*** SUPPLIED RECORDS Section Begins ***

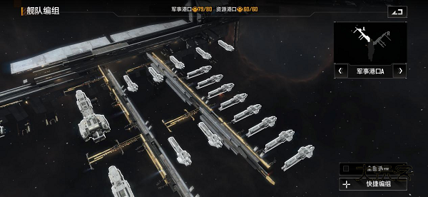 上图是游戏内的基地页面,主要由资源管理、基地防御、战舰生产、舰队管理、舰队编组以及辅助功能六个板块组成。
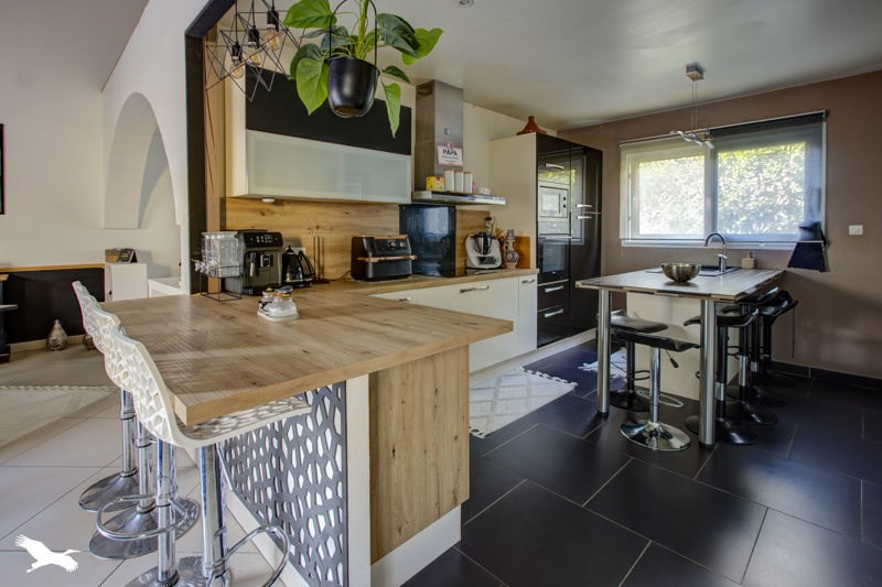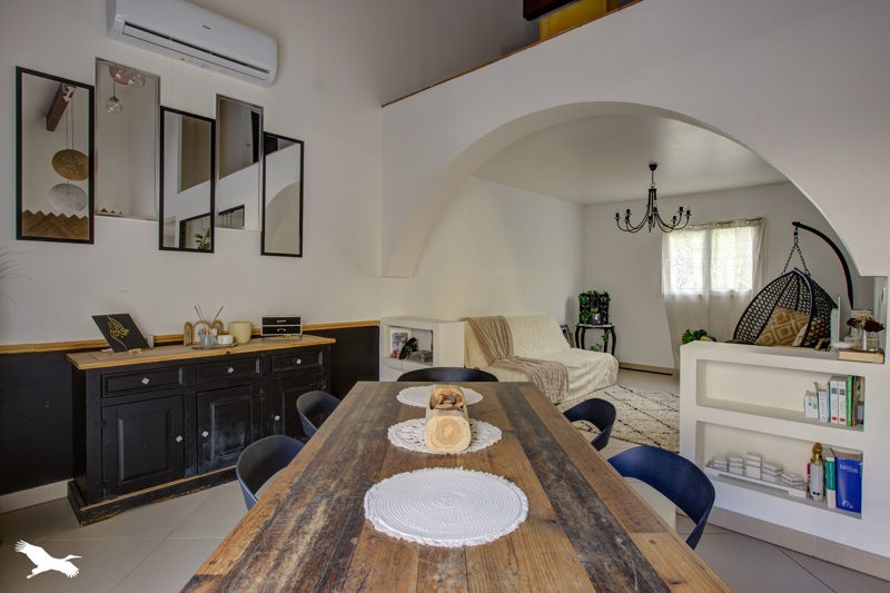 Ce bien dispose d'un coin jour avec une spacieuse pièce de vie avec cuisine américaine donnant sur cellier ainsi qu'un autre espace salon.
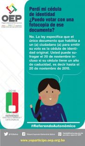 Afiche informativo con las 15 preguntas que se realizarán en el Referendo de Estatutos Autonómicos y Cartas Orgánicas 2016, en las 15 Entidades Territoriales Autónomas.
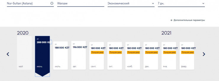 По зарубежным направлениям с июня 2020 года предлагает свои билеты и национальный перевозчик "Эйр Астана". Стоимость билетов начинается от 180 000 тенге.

*** SUPPLIED RECORDS Section Ends ***
*** SUPPLIED RECORDS Section Begins ***

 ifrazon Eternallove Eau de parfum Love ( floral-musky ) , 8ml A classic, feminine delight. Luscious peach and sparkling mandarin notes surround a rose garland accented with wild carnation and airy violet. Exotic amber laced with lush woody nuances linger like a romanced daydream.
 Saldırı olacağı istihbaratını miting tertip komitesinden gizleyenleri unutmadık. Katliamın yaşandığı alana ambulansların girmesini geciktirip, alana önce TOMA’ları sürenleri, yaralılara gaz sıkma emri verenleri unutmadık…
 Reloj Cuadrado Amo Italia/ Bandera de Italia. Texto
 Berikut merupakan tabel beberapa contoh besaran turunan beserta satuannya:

*** SUPPLIED RECORDS Section Ends ***
*** SUPPLIED RECORDS Section Begins ***

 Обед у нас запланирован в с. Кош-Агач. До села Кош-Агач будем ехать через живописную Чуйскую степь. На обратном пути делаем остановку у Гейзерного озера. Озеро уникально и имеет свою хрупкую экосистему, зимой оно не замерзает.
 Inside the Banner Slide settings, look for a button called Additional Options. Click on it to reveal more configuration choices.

*** SUPPLIED RECORDS Section Ends ***

§ WHAT THIS TASK INVOLVES:
Starting at the line containing "上图是游戏内的基地页面,主要" and finishing at the line containing "По зарубежным направлениям", return those lines exactly as they appear above, without the pictures.

§ ANSWER SECTION:
 上图是游戏内的基地页面,主要由资源管理、基地防御、战舰生产、舰队管理、舰队编组以及辅助功能六个板块组成。
 Ce bien dispose d'un coin jour avec une spacieuse pièce de vie avec cuisine américaine donnant sur cellier ainsi qu'un autre espace salon.
 Afiche informativo con las 15 preguntas que se realizarán en el Referendo de Estatutos Autonómicos y Cartas Orgánicas 2016, en las 15 Entidades Territoriales Autónomas.
 По зарубежным направлениям с июня 2020 года предлагает свои билеты и национальный перевозчик "Эйр Астана". Стоимость билетов начинается от 180 000 тенге.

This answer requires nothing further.